● EXERCISE
Once you find the line below that has "3月22日,一名女子在瑞士洛桑奥林匹克公园运动健身。新华社记者 连漪 摄", output it and every line after it exactly, stopping after the line that has "為達(dá)孜區(qū)內(nèi)的黑頸鶴。貢嘎來松 攝", with no pictures.

● DATA SUPPLIED

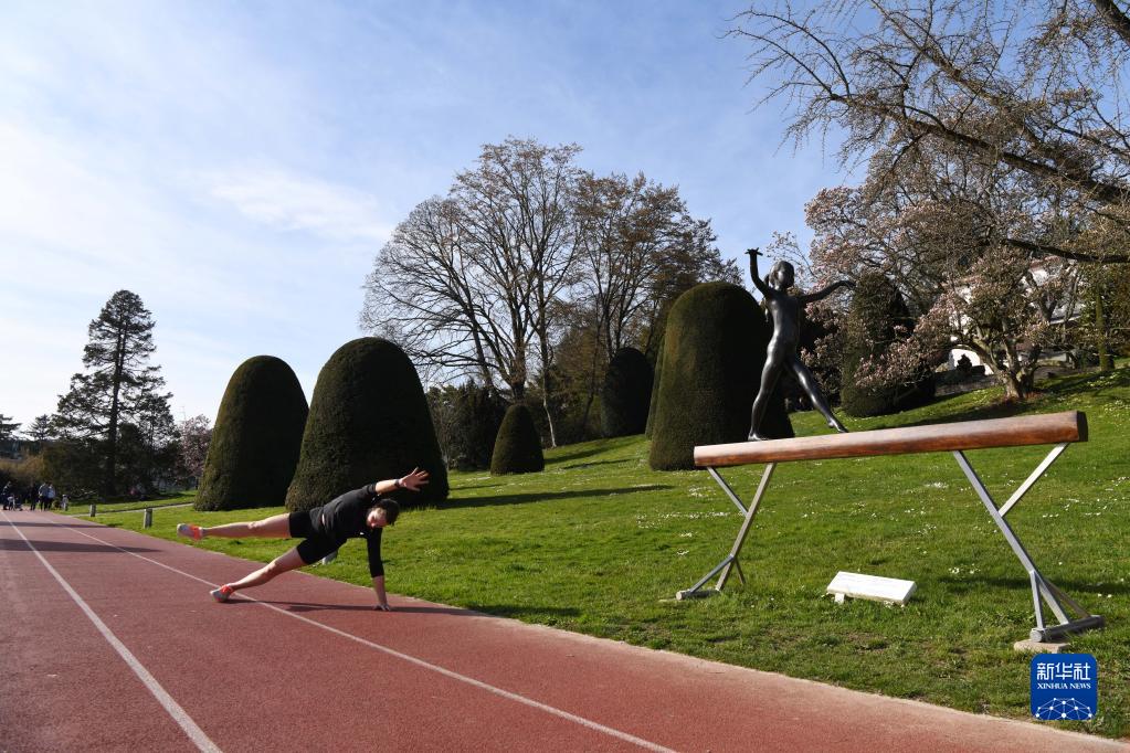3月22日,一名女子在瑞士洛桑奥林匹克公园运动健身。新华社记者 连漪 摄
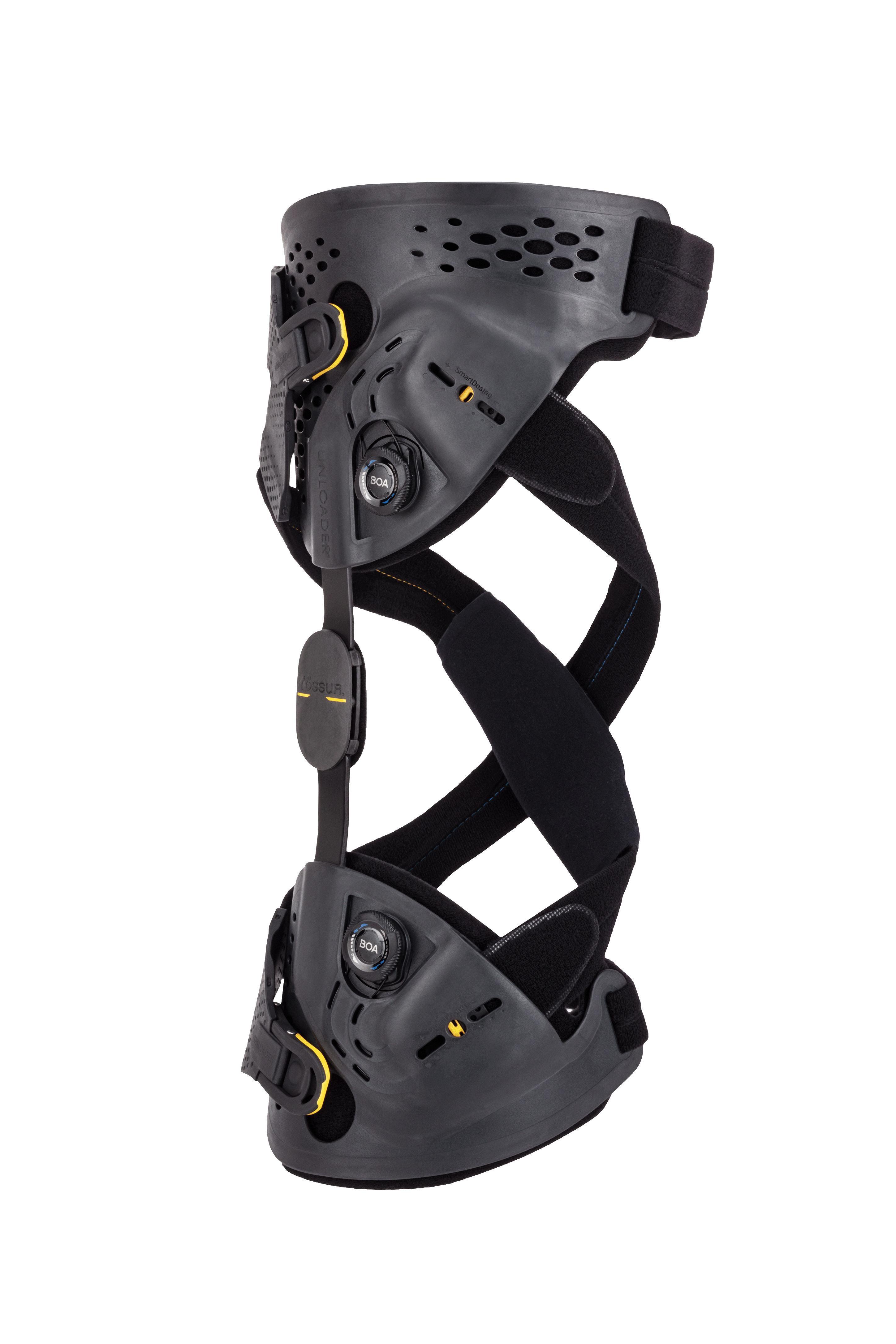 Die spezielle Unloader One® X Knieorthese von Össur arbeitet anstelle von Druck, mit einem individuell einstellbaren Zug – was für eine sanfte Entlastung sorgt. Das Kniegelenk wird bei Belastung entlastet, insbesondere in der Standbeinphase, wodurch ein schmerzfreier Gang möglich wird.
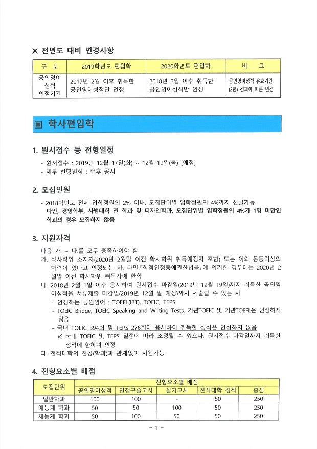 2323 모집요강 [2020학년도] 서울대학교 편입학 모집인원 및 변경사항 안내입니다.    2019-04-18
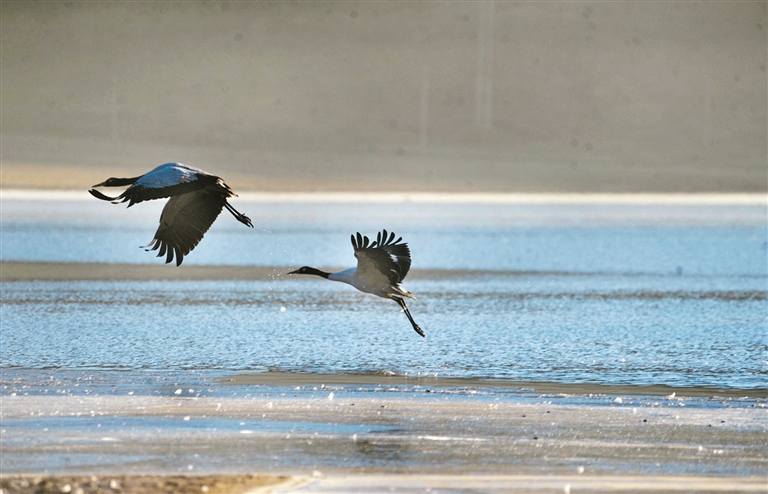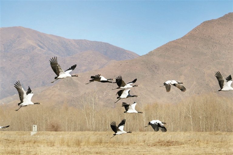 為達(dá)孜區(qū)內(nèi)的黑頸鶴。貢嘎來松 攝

...

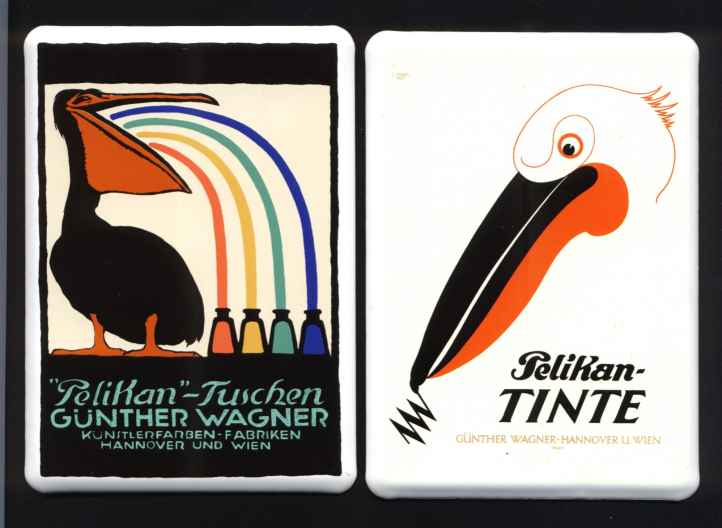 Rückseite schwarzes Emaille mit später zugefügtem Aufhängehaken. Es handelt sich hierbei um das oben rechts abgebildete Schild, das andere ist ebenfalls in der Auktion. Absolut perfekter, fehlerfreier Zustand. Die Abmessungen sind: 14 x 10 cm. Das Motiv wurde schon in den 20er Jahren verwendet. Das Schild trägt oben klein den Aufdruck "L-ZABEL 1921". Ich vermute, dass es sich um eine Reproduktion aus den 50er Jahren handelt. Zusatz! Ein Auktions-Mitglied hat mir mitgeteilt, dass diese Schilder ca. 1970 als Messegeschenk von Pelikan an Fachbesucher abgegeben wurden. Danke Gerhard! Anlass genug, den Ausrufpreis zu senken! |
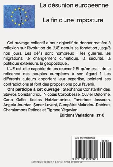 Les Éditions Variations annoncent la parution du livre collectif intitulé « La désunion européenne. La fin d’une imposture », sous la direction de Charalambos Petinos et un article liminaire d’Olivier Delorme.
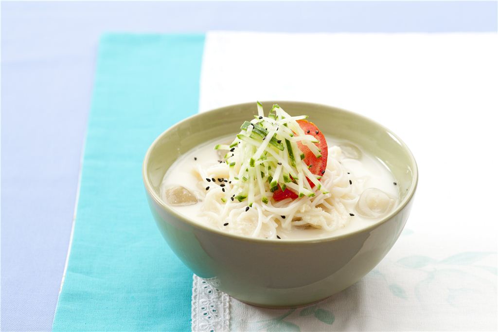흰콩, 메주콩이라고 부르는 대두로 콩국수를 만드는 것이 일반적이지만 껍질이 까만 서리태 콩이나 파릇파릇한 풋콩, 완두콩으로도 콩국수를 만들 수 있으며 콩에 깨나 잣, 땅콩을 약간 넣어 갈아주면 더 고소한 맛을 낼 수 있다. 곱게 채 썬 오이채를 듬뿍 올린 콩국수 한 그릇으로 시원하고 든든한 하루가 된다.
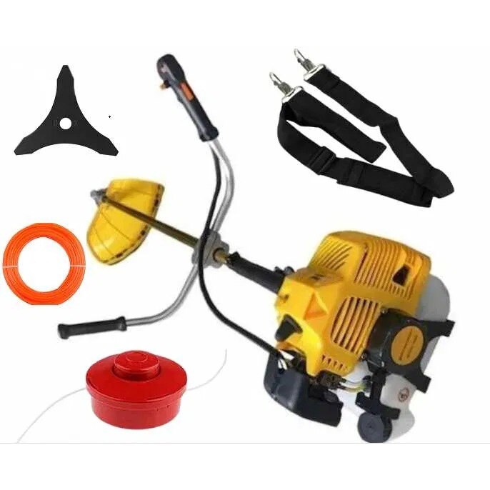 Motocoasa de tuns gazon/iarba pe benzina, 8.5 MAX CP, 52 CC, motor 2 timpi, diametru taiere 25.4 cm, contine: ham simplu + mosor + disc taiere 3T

---

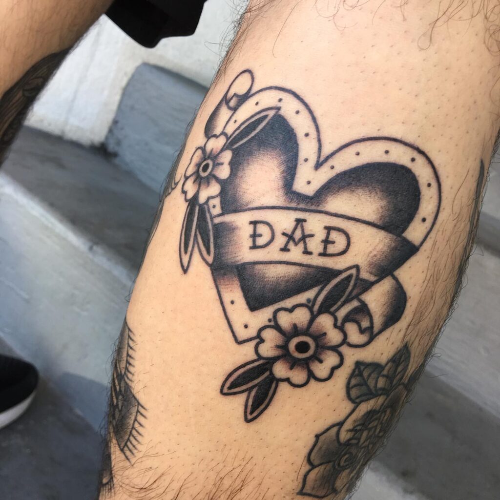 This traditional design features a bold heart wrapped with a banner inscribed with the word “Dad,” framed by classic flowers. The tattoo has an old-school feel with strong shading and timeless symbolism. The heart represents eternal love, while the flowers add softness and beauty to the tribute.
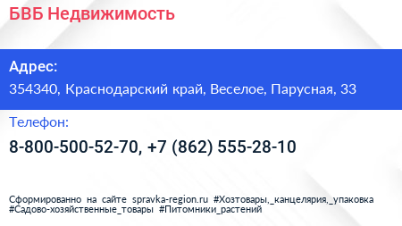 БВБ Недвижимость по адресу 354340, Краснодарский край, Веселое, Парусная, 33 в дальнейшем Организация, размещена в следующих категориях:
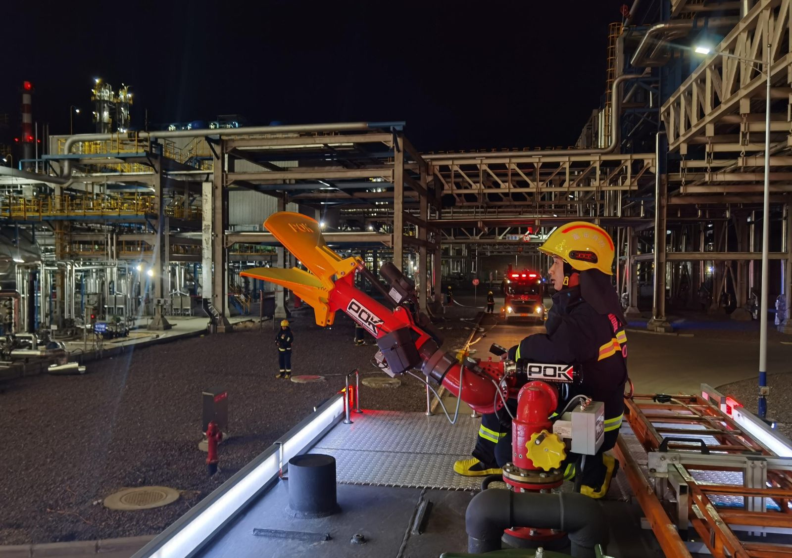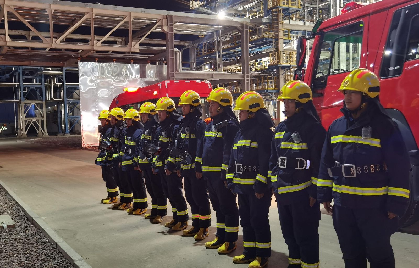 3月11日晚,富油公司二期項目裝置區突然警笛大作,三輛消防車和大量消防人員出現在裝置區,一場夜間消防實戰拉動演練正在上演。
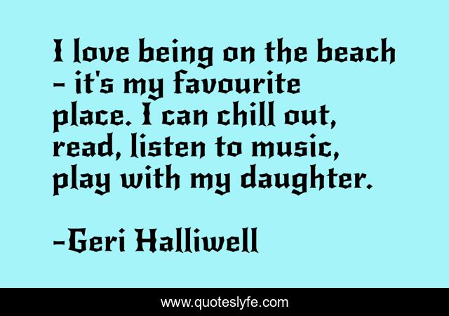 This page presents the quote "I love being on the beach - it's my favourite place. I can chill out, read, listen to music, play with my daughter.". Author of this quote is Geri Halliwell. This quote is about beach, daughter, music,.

● RESULT
3月22日,一名女子在瑞士洛桑奥林匹克公园运动健身。新华社记者 连漪 摄
 Die spezielle Unloader One® X Knieorthese von Össur arbeitet anstelle von Druck, mit einem individuell einstellbaren Zug – was für eine sanfte Entlastung sorgt. Das Kniegelenk wird bei Belastung entlastet, insbesondere in der Standbeinphase, wodurch ein schmerzfreier Gang möglich wird.
 2323 모집요강 [2020학년도] 서울대학교 편입학 모집인원 및 변경사항 안내입니다.    2019-04-18
 為達(dá)孜區(qū)內(nèi)的黑頸鶴。貢嘎來松 攝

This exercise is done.